Want The Brady Bunch House? That’ll Be $1.9 MILLION
It may have been decades since Florence Henderson’s shag hairdo was waltzing around the living room and Jan was being a general downer, but thanks to TV Land, everybody is still gung-ho about The Brady Bunch. It may have been the story of a lovely lady and a man named Brady, but these days it would be about the savants who bought early and pocketed close to $2 million smackeroos. The house from the show is on the market, and living like a 60s sitcom is going to set you back several pennies. No, Alice is not included.
HuffPost says the nearly 2,500-square-foot house in the Studio City neighborhood of Los Angeles has hit the market after having the same owners for 45 years. The couple died, and their kids must not appreciate living in the hallowed halls where “Marcia, Marcia, Marcia!” got bellowed from Jan Brady on an hourly basis. That being said, they do appreciate what kind of coin they can make off history because they listed that thing for $1.885 million despite it looking it could use Joanna Gaines going in and shiplapping the shit out of it. The listing claims this thing is the second-most photographed house in the country after the White House, which I’m sure has Elvis rolling over in his grave at Graceland just to mutter, “Sure, Jan” at whatever intern wrote that.
You can see more pictures of the house here.

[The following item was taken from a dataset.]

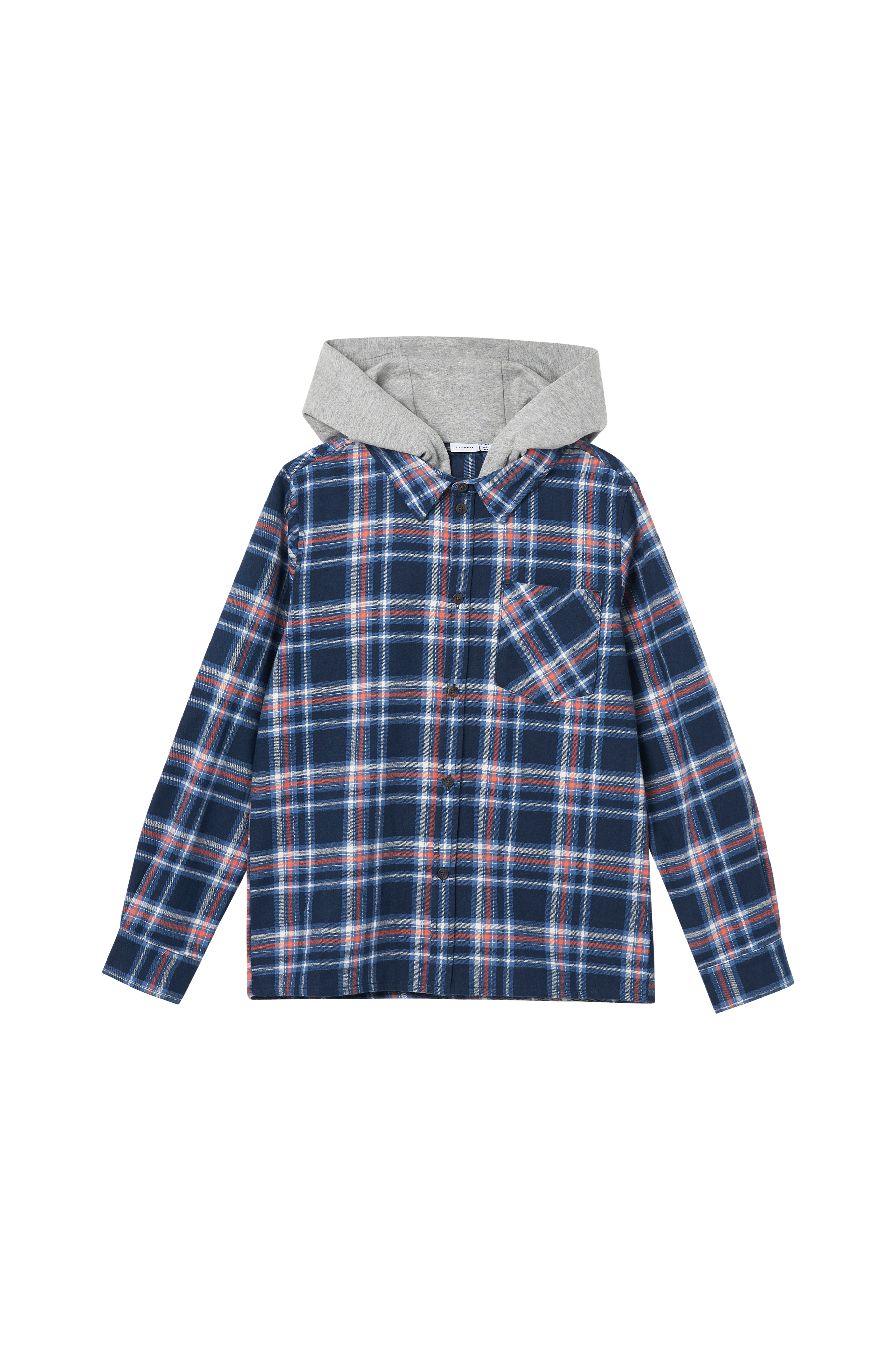 • Ternet skjorte i bomuld• Hætte i sweatshirt• En brystlomme• Manchet med en knap

Jodie LeVitus Francisco, source of a fun name and the realtor for the property, also has some television historians (aka me) clenching their buttholes, because there’s a lot of interest, and it’s coming from developers who want to take a wrecking ball to the house much like that football slammed into Marcia Brady’s nose. She said she’s hoping the price will scare off developers and make it where only a true home lover will buy it and preserve it for all its glory, but somehow I think we’re going to end up with a CVS that just happens to have an extraordinary Astro-turfed backyard.